Papaaloa uttered a long negative sigh. «Not the same. Your people kept their religion as a staff to lean on. The natives of Kanoli saw themselves as better than the gods they had once worshiped. After all, had they not built a paradise without them? They had overstepped the bounds of mortals. They began to raid Kauai, Oahu, Hawaii, and the other islands, killing and pillaging, taking the fairest of women back as slaves. The primitive Hawaiians were helpless. How could you fight men who acted and fought like gods? Their only hope was their faith in their own deities. They prayed for deliverance and they were heard. The gods of the Hawaiians caused the sea to rise up and bury the evil Kanolians forever.»
«My people also have a similar legend of a land being swallowed by the sea. It was called Atlantis.»
«I've read of it. Plato describes it quite romantically in his Timaeus and Critias.»
«It seems you're an authority on myths other than Hawaiian.»
Papaaloa smiled. «Legends are like knots on a string; one leads to another. I could tell you of tales handed down through the centuries in many faraway lands that are very nearly identical to, but predate, those of the Christian Bible.»
«Clairvoyants predict Atlantis will rise again.» «The same is said of Kanoli.»
«I wonder,» Pitt muttered, «how much truth lies behind the legend.»
Papaaloa leaned his elbows on the desk and gazed at Pitt over clasped hands.
«Strange,» he said slowly, «most strange. He used the same words.»
Pitt looked up questioningly. «He?»
«Yes, it was a long time ago. Right after World War Two. A man came to the museum every day for a week and studied every book and manuscript in our library. He was also researching the legend of Kanoli.»

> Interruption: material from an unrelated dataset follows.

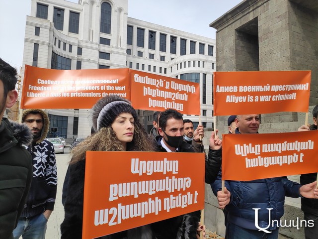«Արդար Հայաստան» նորաստեղծ կուսակցության (հիմնադիր-նախագահ՝ փաստաբան Նորայր Նորիկյան) անդամներն այսօր ՀՀ արտաքին գործերի նախարարության շենքի դիմաց էին՝ փոխանցելու հայ ռազմագերիների վերադարձի, Իլհամ Ալիևի պահվածքի և դրան համարժեք պատասխանի, ինչպես նաև Արցախի հիմնախնդրին առնչվող այլ հարցերի մասին համապատասխան դիմումներ։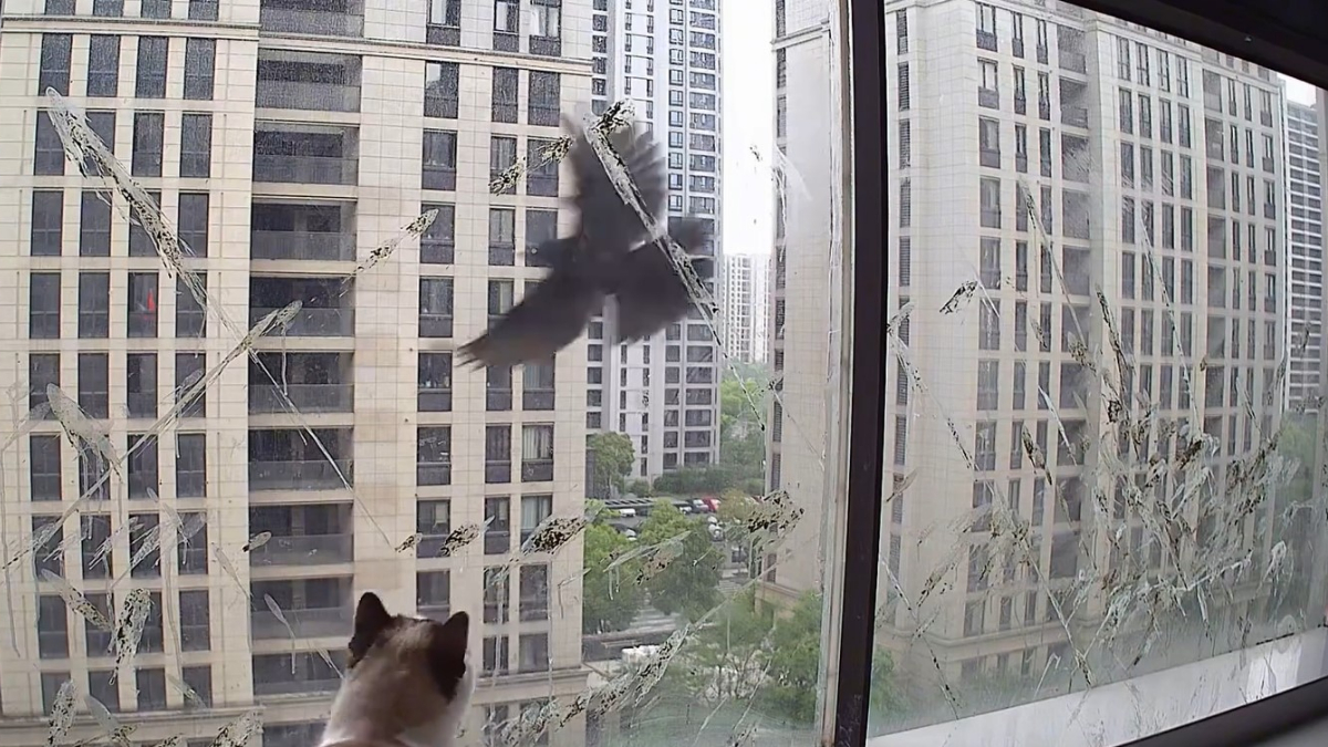 監控視頻顯示,早上8點左右,一隻烏鶇一閃飛過,陽台玻璃上留下一道道屎跡。陽台上一隻貓則盯著飛過的烏鶇。這位網友發文求助說,「怎樣才能把這鳥趕走?」

«There must have been others through the years who found the story interesting.»
«No, you are the first since the other.»
«You have a razor-sharp memory, my friend, to recall someone that far back.»
Papaaloa unclasped his hands and stared at Pitt hesitantly. «I never forgot the incident simply because I never forgot the man. You see, he was a giant with golden eyes.»
Beyond puzzlement lies frustration, the neutralizing cloud hiding the next move. When a man enters that cloud, he is a man outside himself, a man who moves and acts instinctively. It was in such a state that Pitt found himself half an hour before noon, minutes after leaving George Papaaloa at the museum.
His mind was confused, shifting gears back and forth, trying desperately to piece the first two parts of the puzzle together. An old gray Dodge truck pulled out of the museum's parking lot and followed close behind. Pitt was ready to dismiss the trailing truck as fantasy — his subconscious was beginning to see enemy agents, complete with, trench, coats and beady eyes, lurking behind every clump of philodendron. But as he drove toward Pearl Harbor, the truck stayed with him around every corner as if tied by a rope.